**Exercise details**
Only the lines from the beginning of the data through the one with "先日お知らせしました、給食に" belong in the answer, each retyped exactly, with pictures left out.
** Records for this task follows **
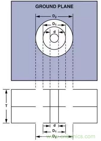 εr表示PCB材料的相對(duì)磁導(dǎo)率。T表示PCB的厚度。D1表示環(huán)繞通孔的焊盤直徑。D2表示接地平面中隔離孔的直徑。所有尺寸均以cm為單位。在一塊0.157 cm厚的PCB上一個(gè)通孔就可以增加1.2 nH的寄生電感和0.5 pF的寄生電容;這就是為什么在給PCB布線時(shí)一定要時(shí)刻保持戒備的原因,要將寄生效應(yīng)的影響降至最小。
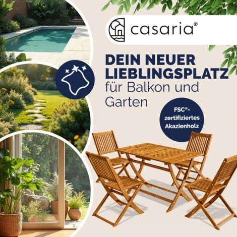 El juego de asientos Sydney light, esta hecho de madera maciza de acacia con certificado FSC®, y convence por su elegante diseño y funcionalidad. El conjunto de jardín esta compuesto de una mesa y cuatro sillas plegables.
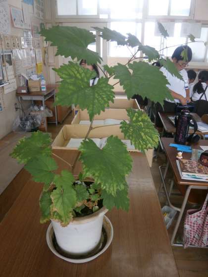 先日お知らせしました、給食に出てきた巨峰ですが、どんどん育って大きくなっています。育ちすぎて、そろそろ地面に植え替えてやる頃になってきました。学校で、大きくなったブドウがみんなの楽しみになれる場所を物色中です。子どもたちではないですが、だんだん楽しみが膨らんできています。
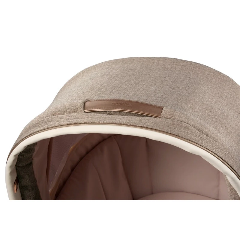 L’élégante anse de transport intégrée en similicuir est brevetée par Peg Perego. Vous pouvez abaisser la capote d’une seule main, même lorsque vous portez votre bébé dans vos bras.
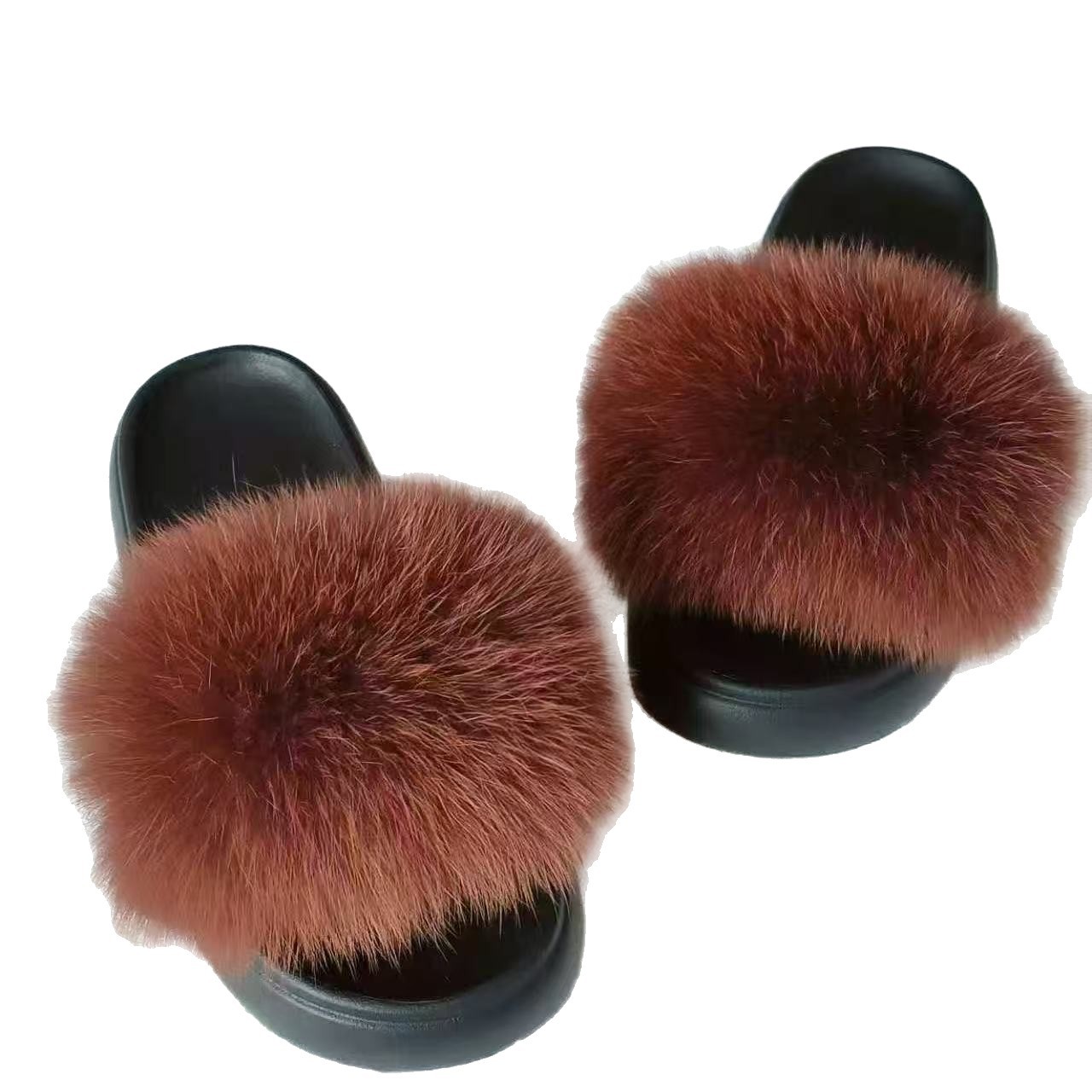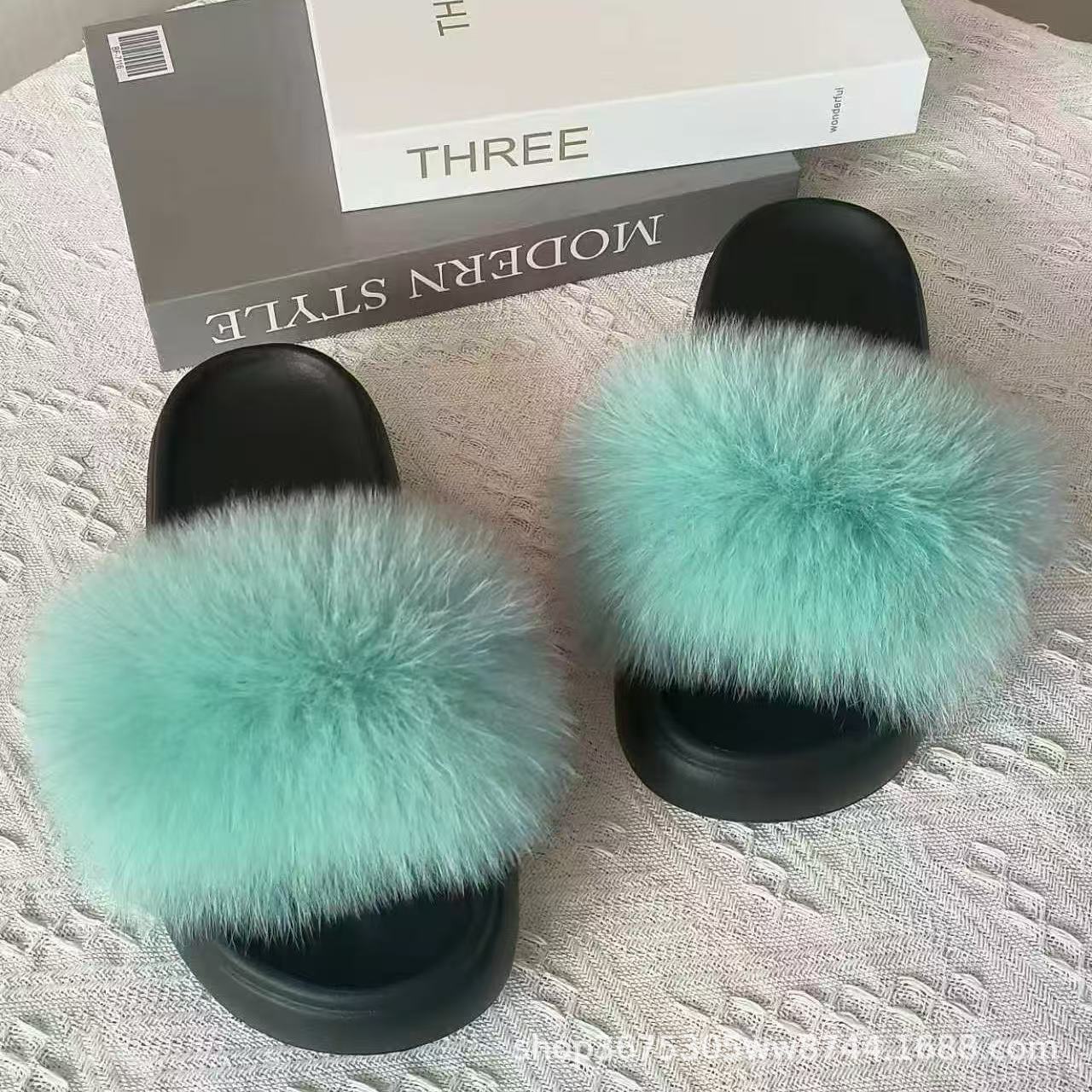 2025新款便携厚底毛毛拖鞋狐狸毛可拆卸女外穿增高一字真皮草毛拖
** End of Records for this task **
**Answer for this exercise**
 εr表示PCB材料的相對(duì)磁導(dǎo)率。T表示PCB的厚度。D1表示環(huán)繞通孔的焊盤直徑。D2表示接地平面中隔離孔的直徑。所有尺寸均以cm為單位。在一塊0.157 cm厚的PCB上一個(gè)通孔就可以增加1.2 nH的寄生電感和0.5 pF的寄生電容;這就是為什么在給PCB布線時(shí)一定要時(shí)刻保持戒備的原因,要將寄生效應(yīng)的影響降至最小。
 El juego de asientos Sydney light, esta hecho de madera maciza de acacia con certificado FSC®, y convence por su elegante diseño y funcionalidad. El conjunto de jardín esta compuesto de una mesa y cuatro sillas plegables.
 先日お知らせしました、給食に出てきた巨峰ですが、どんどん育って大きくなっています。育ちすぎて、そろそろ地面に植え替えてやる頃になってきました。学校で、大きくなったブドウがみんなの楽しみになれる場所を物色中です。子どもたちではないですが、だんだん楽しみが膨らんできています。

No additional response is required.